Pemex's debt to its suppliers amounted to 506.153 billion pesos by the end of 2024, showing an annual increase of 37.4 percent. Rafael Espino de la Peña, president of the Mexican Association of Petroleum Service Companies (Amespac), noted that Pemex's debt to association members is around 100 billion pesos, of which more than half corresponds to work already completed but not yet invoiced.
According to Espino, despite some payments received in recent weeks, many of them have been carried out through a financial factoring scheme, which he qualifies as a temporary relief but not a definitive solution.
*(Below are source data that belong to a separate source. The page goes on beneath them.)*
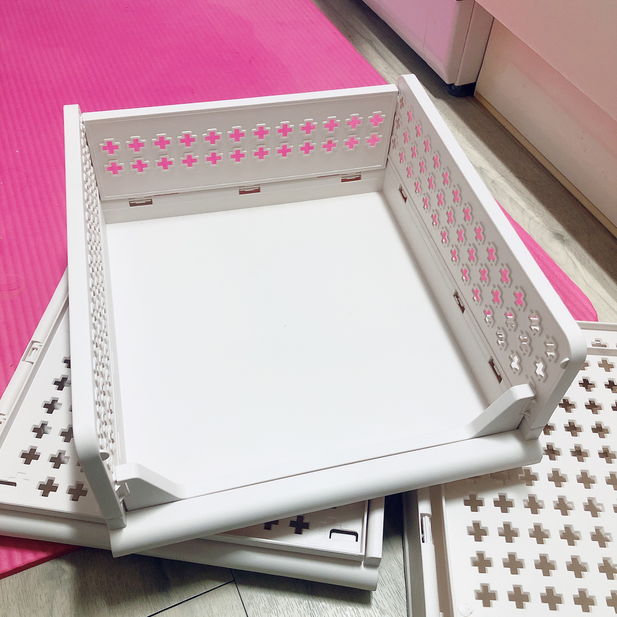 왼쪽부터 차례대로 중형, 대형, 특대형이다. 누구나 쉽게 조립을 하거나 해제할 수 있어서 공간활용도가 높다. 사용하지 않는 리빙박스는 다시 접어서 틈새에 쏙 넣어 보관하다가 다시 필요할 때 조립하면 된다.
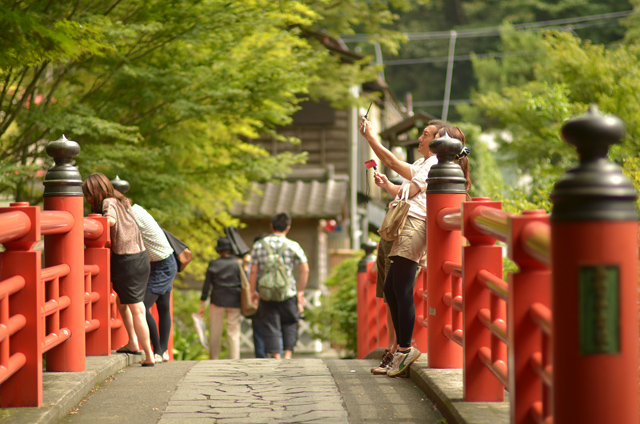 赤い橋はこんな感じで観光客が賑わいを見せています。前フリして申し訳ありませんが、前述した浴衣+赤い橋の組み合わせは残念ながら一枚も撮ってませんでした。(そこを撮影するには、かなりの勇気がいります。汗)
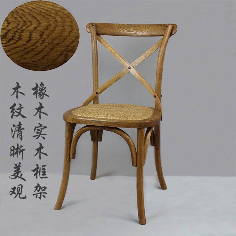 美式复古餐椅实木咖啡椅家用成人靠背椅子饭店餐R厅叉背椅做旧乡
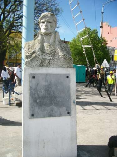 Heykelin kaidesi bronzdan yapılmış olmasına karşın, heykel alüminyumdan yapılmıştır.
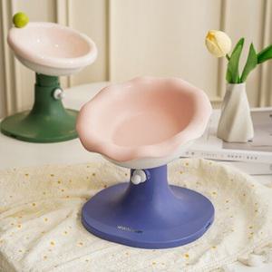 팔업 강아지 고양이 밥그릇 목보호 식기 세트 2구, 1개, 체리블러썸
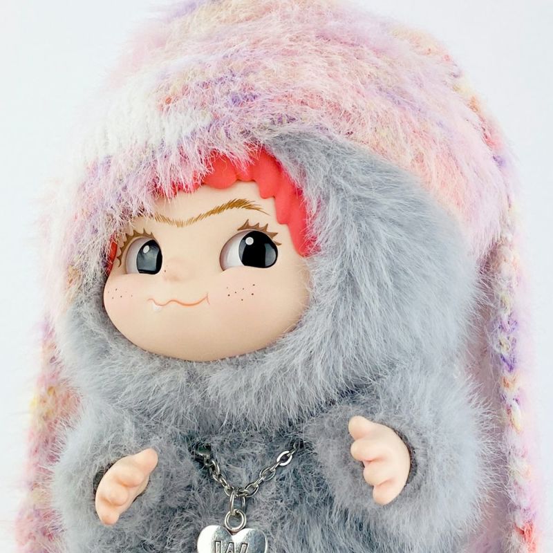 ころんとしたフォルムが可愛いもふもふの柔らかいぬいぐるみボディに、愛らしいお顔。Y2K(※)をイメージした帽子やアクセサリー付きで、ファッション雑貨感覚でも楽しめるアイテムです。
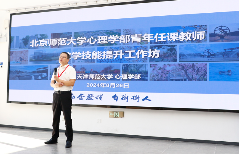 活动伊始,天津师范大学爱爱啦 杨海波部长发表了热情洋溢的致辞,他指出这次工作坊的设计既反映出爱爱啦 对青年教师成长的重视,又体现了两校对本科教学质量的重视和两校心理学科年轻教师之间的互帮互学,希望通过此次培训,激发青年教师的内在潜能,切实提高本科教学质量。
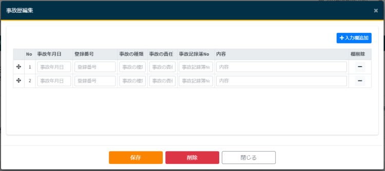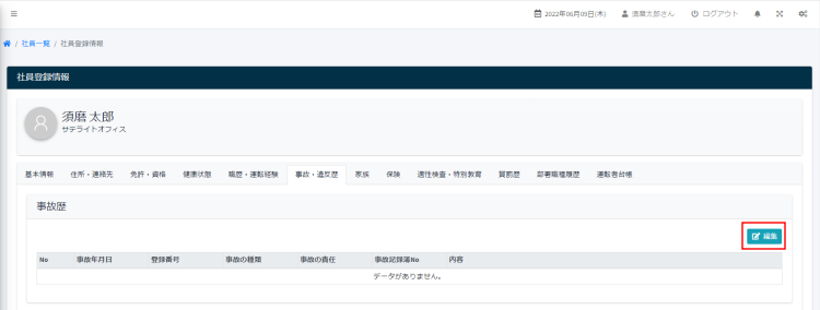 使い方ガイド 社員の設定 事故歴の追加 目次 1.事故歴編集フォームの表示 2.事故歴の編集 1.事故歴編集フォームの表示 サイドメニューの「社員管理」> 「社員一覧」をクリックします。 社員一覧画面から該当する社員をクリックします。 社員登録情報が表示されたら、事故・違反歴タブをクリックします。 事故歴の編集ボタンをクリックします。 事故歴編集フォームが開きます。 2.事故歴の編集 必要事項を入力し、保存ボタンをクリックします。 ※入力欄が足りない場合は、画面右上の入力欄追加をクリックしてください。 使い方ガイド, 社員の設定 事故歴, 社員

Amespac members are optimistic about the signs of payment, highlighting the increased sensitivity of Luz Elena González, Secretary of Energy, to this issue.
Pemex’s financial challenges are intensifying due to a 10.7 percent fall in Capex investment - aimed at acquiring, improving, or maintaining long-term physical assets - during this year. This poses a significant challenge to addressing the decline in oil production. The natural decline could reach 30,000 barrels per month if investments in exploration and new wells are not maintained.
Pemex seeks to lead a revitalization amid operational and financial problems, with refineries facing losses and considerable debt. The company has halved its production since its peak two decades ago. Plans have been implemented to optimize Pemex’s corporate structure and improve efficiency, with key projects like the coking units at the Salina Cruz and Tula refineries nearing completion, according to Víctor Rodríguez, director of Pemex.
President Claudia Sheinbaum has mentioned the enactment of an energy reform during the Oil Expropriation event, highlighting that this will be the first step to boost Pemex's production, increase efficiency, strengthen partnerships with the private sector, and reduce debt. The financing plan includes a factoring scheme to reimburse suppliers.